Following Brexit/end of the transition period, as a general rule when it comes to VAT on services, sales of cross border purchases of services from one business to another (B2B) will remain subject to tax in the country of the customer – with some exceptions. Therefore, recipient of the service needs to account for the tax as reverse charged in the destination country.
VAT on imports £135 and under
The UK is introducing additional measures for overseas goods arriving at Great Britain from outside the UK with the end of transition period on 1st January 2021. Low Value Consignment Relief (LVCR) is being discontinued which previously exempted imports with a value below £135 from import VAT. Online Marketplaces (OMPs) will be responsible for collecting and accounting for the VAT where they are involved in facilitating the sale. For consignment value of £135 or under, VAT will be applied at the point of the sale rather than being applied as import VAT at customs.
This UK VAT will be charged and collected by the seller for B2C transactions. However, the VAT will be reverse charged to the customer for B2B transactions. This means that the foreign sellers sending goods into the UK will need to charge UK VAT and apply to be a part of the UK system when supplying goods with a value of £135 or under to end consumers i.e. non-VAT registered individuals.

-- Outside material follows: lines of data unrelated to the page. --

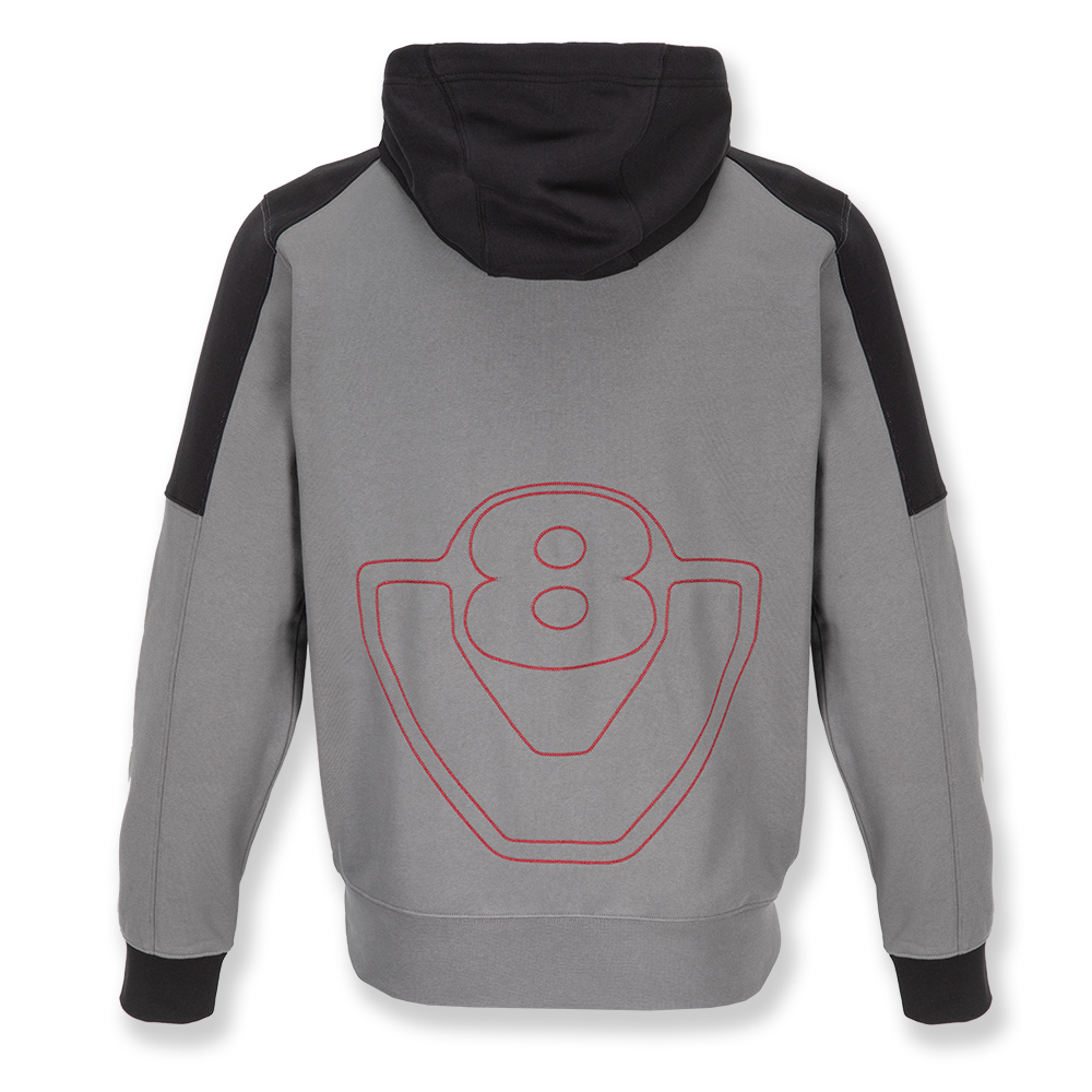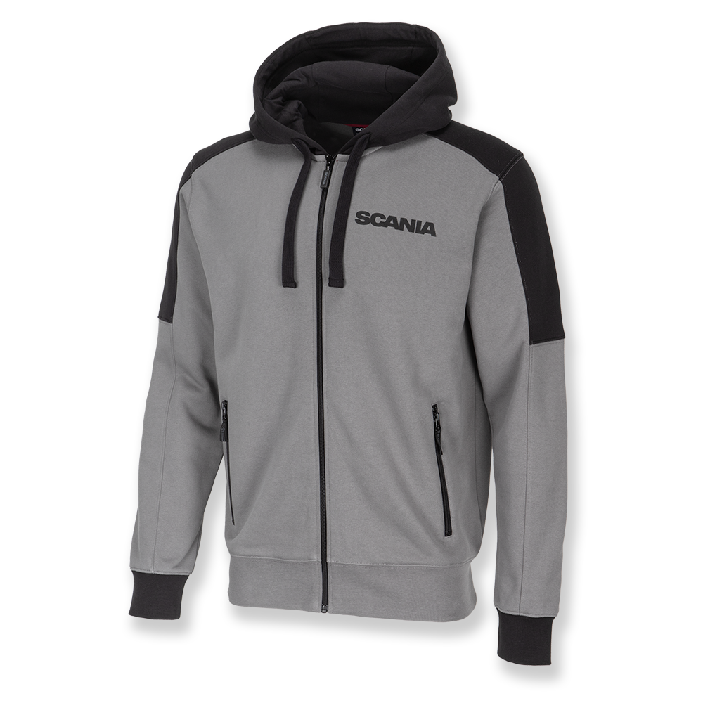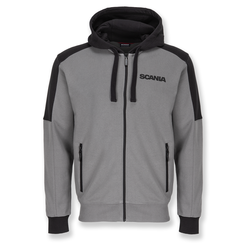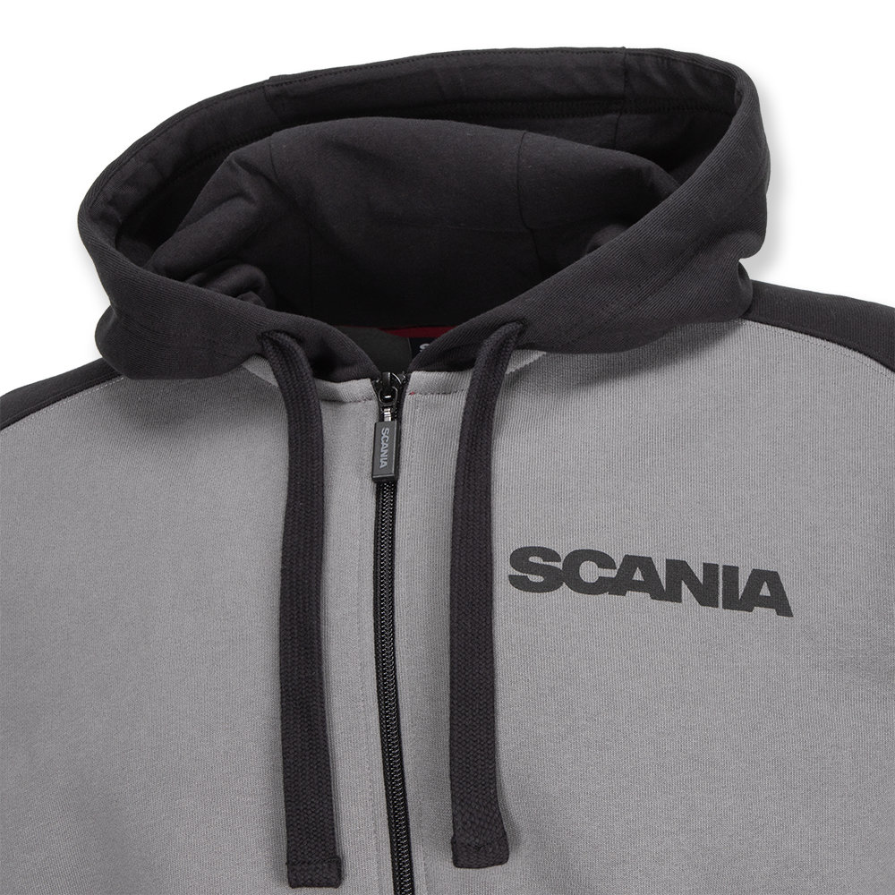 Details: Regular fit hoodie with contrasting colour panels on the hood, sleeves and cuffs. Featuring a large V8 embroidery at the back and Scania Wordmark print on the chest. Also features front zipper with rubber logo puller, pocket zippers and logotype pullers.
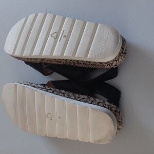 Kanna black leather womens wedge sandals with herringbone design, size 39 (8 1/2
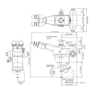 Infinite. Body Magnification: 1X. Body Mounting Size for Stand: 4-M4 Screw Holes, Depth 6mm, Screw Distance L126.5mm W63.5mm. Infinite. For Compound Microscope. Eye Tube Angle: 0-20° . Eye Tube Inner Diameter: Dia. 30mm. 0/100 Switch Trinocular. Coaxial Coarse/Fine Focus. Focus Distance: 50mm .
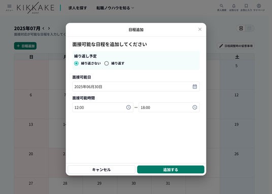 ポータルサイトで会員登録を行うと選考管理/面接日程調整ができます。自己応募の場合、応募する求人が10社あるとその分個別に選考の連絡や日程調整を行う必要があります。一方、本ポータルサイトでは、面接対応が可能な日程を設定しておけば、キャリアアドバイザーが企業との日程調整を行ってくれるため手間や負担が大幅に軽減できます。
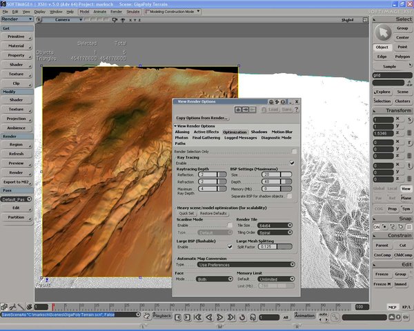 作为全新的Gigapolygon(十亿级多边形)内核的一部分,XSI 5.0的渲染模块具备更高的可伸缩性。面对巨型场景,新的网格划分技术正是保证渲染的高可靠性和高速度的诸多要素之一。
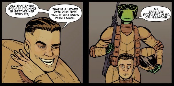 Of course, it wouldn’t make any sense whatsoever for Lt Adelina to have a significant bust. One, she’s a lizard, and two, she’s wearing armor. I feel bad even pointing this out, because it’s not so much a good choice as it is the lack of a bad choice, but I’ve seen so many inexplicable drawings of sexy lizard women that just seeing one case of an artist doing the sensible thing instead reaffirms my hope for humanity. Cpl Simmons may be sexualizing Lt Adelina, but the artist does not sink to the level of his characters, and draws her looking just like the soldier that she is.

Businesses receiving goods of £135 or under will need to account for the VAT as part of the reverse charge procedure and declare the VAT on their next VAT Return. Normal rules apply for the tax point, which means that it will usually be the invoice date. The recipient business will need to ensure that the seller knows their VAT number otherwise, the seller will have no choice and will have to treat it as a B2C sale and apply VAT.
In some respects, these UK measures mirror those due to be rolled out in the EU from July 2021 under the EU 2021 VAT e-Commerce Package.
VAT on Exports
The VAT situation also changes when it comes to exporting goods to EU countries as of 1st January 2021. As a result, exports to EU countries will be treated like the ones in non-EU countries – which essentially means that that they should be zero-rated for UK VAT. This will be the case regardless of whether you are exporting goods to a consumer (B2C) or to a business (B2B). In other words, you do not need to observe distance selling regulations or verify the VAT status of the recipient business.
Depending on the requirements of the countries in which sale is made, businesses selling to customers (B2C) in the EU will need to register for the EU VAT and appoint fiscal representatives. At the same time, it is crucial to understand what it means to zero-rate goods for VAT. It does not simply mean that you forget about VAT. Rather, it means that you apply a 0% VAT rate. While no VAT is payable, however, you should still include the exports as part of your VAT accounting.
When it comes to purchasing services, things will continue in the same way they did before 1st January 2021. B2B sales of services will continue to be subject to tax in the country of the customer and administered through reverse charge as per the place of supply rules – with some exceptions. B2C sales will continue to be subject to tax in the country of the seller – again with some exceptions. Furthermore, UK businesses using the Mini One Stop Shop (MOSS) system will need to register for the non-union MOSS. They will no longer benefit from a €10k threshold before having to apply the place of supply rules.
As a result, several businesses will be liable to VAT in the countries they sell digital services to and will need to register for non-union MOSS.